Activity:
With the line containing "新学期! 制服風コーデをチョイスして気を引き締めてました。 ↑" as the first line and the last line of the records as the final one, reproduce that range exactly.

Start of Data for review

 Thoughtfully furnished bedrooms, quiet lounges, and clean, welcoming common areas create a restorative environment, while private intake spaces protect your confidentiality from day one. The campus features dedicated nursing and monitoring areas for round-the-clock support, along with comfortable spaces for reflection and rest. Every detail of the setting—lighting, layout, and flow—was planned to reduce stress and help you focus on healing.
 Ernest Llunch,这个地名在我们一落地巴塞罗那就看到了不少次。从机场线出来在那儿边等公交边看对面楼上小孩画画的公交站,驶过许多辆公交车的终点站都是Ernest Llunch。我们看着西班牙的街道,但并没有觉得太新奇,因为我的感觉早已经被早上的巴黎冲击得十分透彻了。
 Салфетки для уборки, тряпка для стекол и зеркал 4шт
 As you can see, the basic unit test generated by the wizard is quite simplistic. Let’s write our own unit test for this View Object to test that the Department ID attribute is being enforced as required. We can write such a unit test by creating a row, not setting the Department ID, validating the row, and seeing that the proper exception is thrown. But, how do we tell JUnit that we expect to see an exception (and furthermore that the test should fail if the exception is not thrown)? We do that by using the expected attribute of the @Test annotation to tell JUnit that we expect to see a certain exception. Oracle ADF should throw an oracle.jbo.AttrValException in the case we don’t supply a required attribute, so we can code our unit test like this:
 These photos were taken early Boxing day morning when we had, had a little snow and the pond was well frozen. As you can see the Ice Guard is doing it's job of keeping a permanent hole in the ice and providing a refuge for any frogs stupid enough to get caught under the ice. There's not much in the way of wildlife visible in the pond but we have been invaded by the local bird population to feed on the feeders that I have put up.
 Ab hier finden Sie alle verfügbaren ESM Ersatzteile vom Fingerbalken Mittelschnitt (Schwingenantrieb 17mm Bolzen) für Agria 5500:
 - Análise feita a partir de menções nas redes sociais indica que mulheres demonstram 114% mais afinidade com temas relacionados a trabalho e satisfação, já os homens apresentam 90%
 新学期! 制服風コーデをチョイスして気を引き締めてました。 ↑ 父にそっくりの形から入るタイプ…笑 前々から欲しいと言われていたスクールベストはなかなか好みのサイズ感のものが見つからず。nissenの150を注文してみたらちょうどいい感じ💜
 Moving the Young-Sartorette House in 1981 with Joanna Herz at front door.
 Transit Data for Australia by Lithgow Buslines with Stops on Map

End of Data for review

Exercise output:
 新学期! 制服風コーデをチョイスして気を引き締めてました。 ↑ 父にそっくりの形から入るタイプ…笑 前々から欲しいと言われていたスクールベストはなかなか好みのサイズ感のものが見つからず。nissenの150を注文してみたらちょうどいい感じ💜
 Moving the Young-Sartorette House in 1981 with Joanna Herz at front door.
 Transit Data for Australia by Lithgow Buslines with Stops on Map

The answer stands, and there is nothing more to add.